__EXERCISE DESCRIPTION__. The entries that follow need to be reproduced exactly, minus any images.

__GIVEN ENTRIES__.
◇ ◇ ◇ ◇ ◇ ◇ ◇

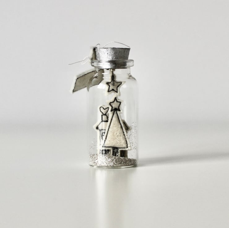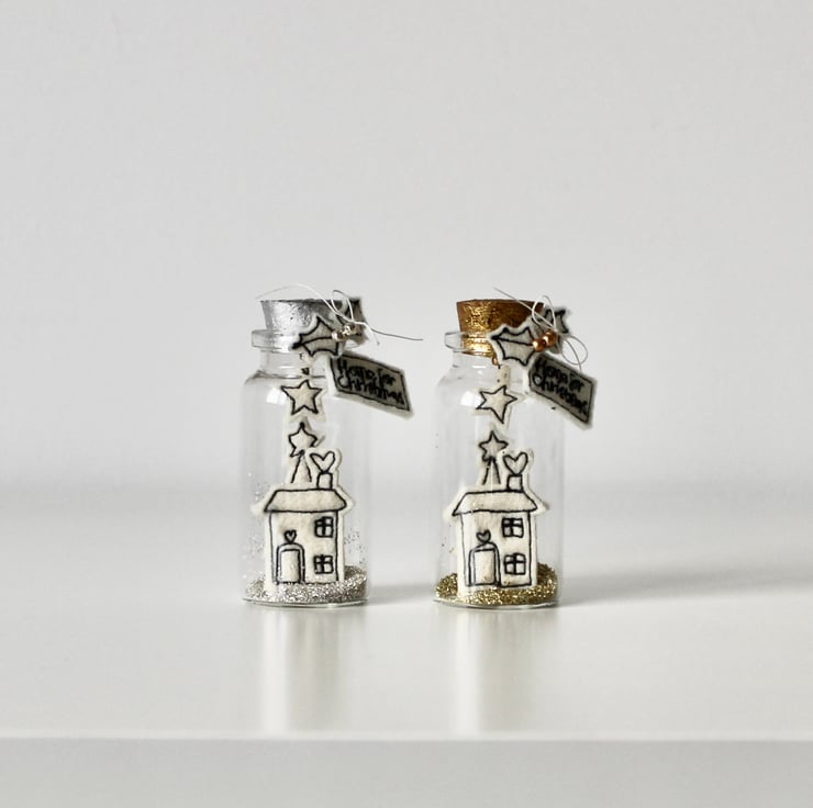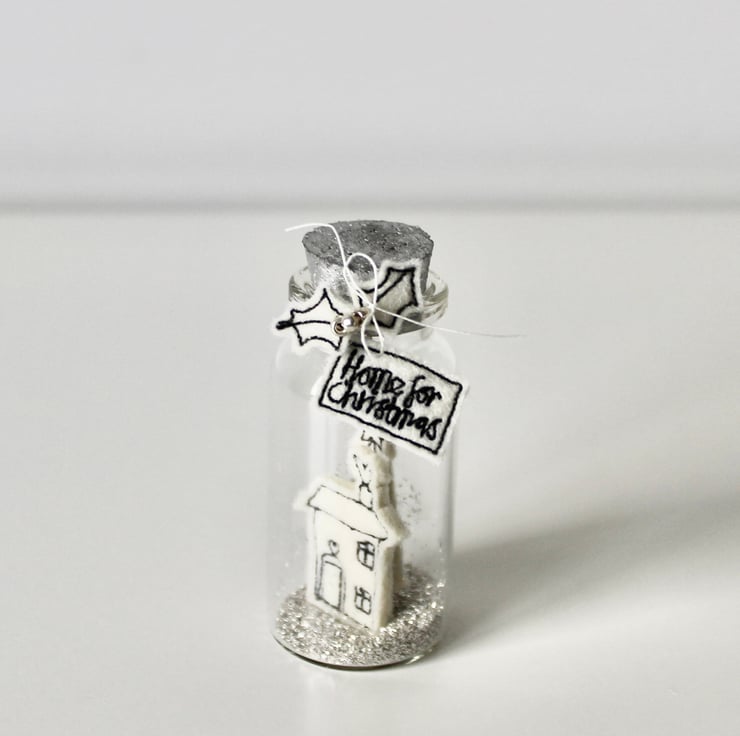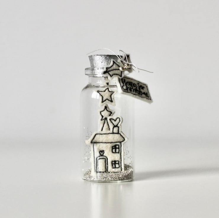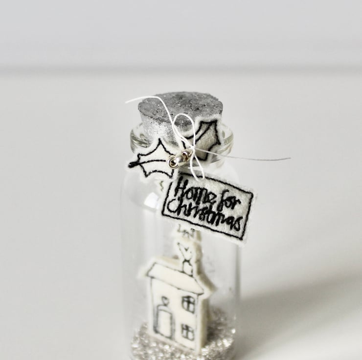'Home for Christmas' is created using 100% cream wool felt and free hand machine embroidery. There is sewn holly and three metallic glass beads around the bottle neck and a silver hand painted cork.
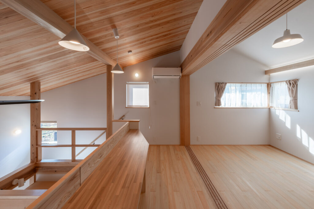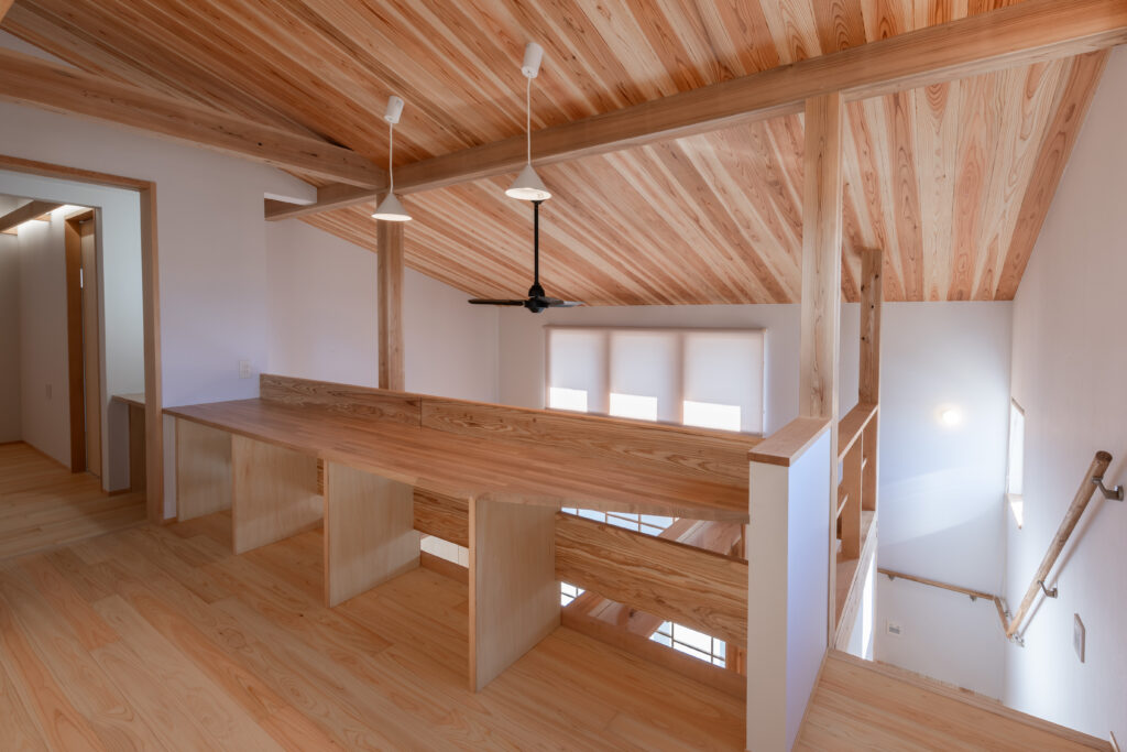 小屋裏は、書斎や趣味の部屋など、多目的に使えるボーナススペース。吹き抜けに面して設えた長い造作カウンターは、景色を眺めながら仕事や勉強ができる特等席です。
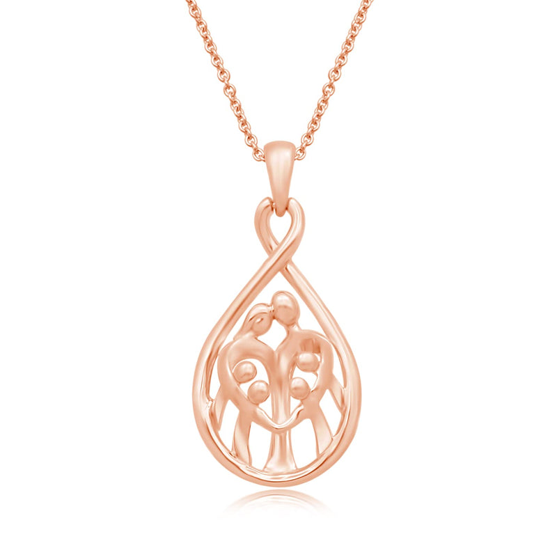 Jewelili 14K Rose Gold over Sterling Silver With Parent and Four Children Family Teardrop Pendant Necklace
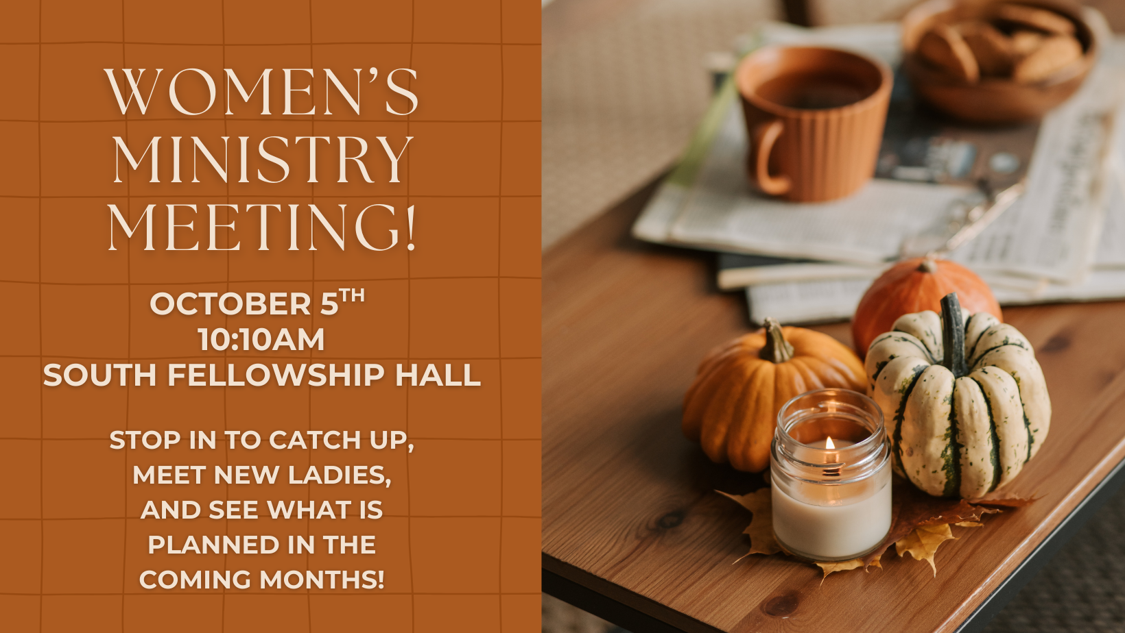 All ladies are welcome to stop by and say hi, meet new friends, and hear what is coming up in the next few months for Women’s Ministry. There will also be a service project at this meeting - stuffing goodie bags for Pumpkin Palooza on October 19th
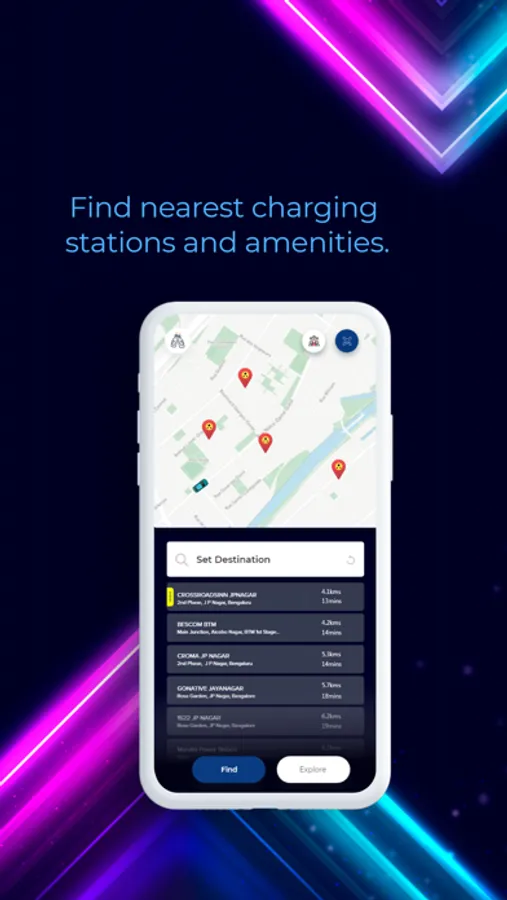 • Get the detailed information of the particular charging station by clicking on the list or icon on the map.

◇ ◇ ◇ ◇ ◇ ◇ ◇

__OUTPUT FOR THIS EXERCISE__.
'Home for Christmas' is created using 100% cream wool felt and free hand machine embroidery. There is sewn holly and three metallic glass beads around the bottle neck and a silver hand painted cork.
 小屋裏は、書斎や趣味の部屋など、多目的に使えるボーナススペース。吹き抜けに面して設えた長い造作カウンターは、景色を眺めながら仕事や勉強ができる特等席です。
 Jewelili 14K Rose Gold over Sterling Silver With Parent and Four Children Family Teardrop Pendant Necklace
 All ladies are welcome to stop by and say hi, meet new friends, and hear what is coming up in the next few months for Women’s Ministry. There will also be a service project at this meeting - stuffing goodie bags for Pumpkin Palooza on October 19th
 • Get the detailed information of the particular charging station by clicking on the list or icon on the map.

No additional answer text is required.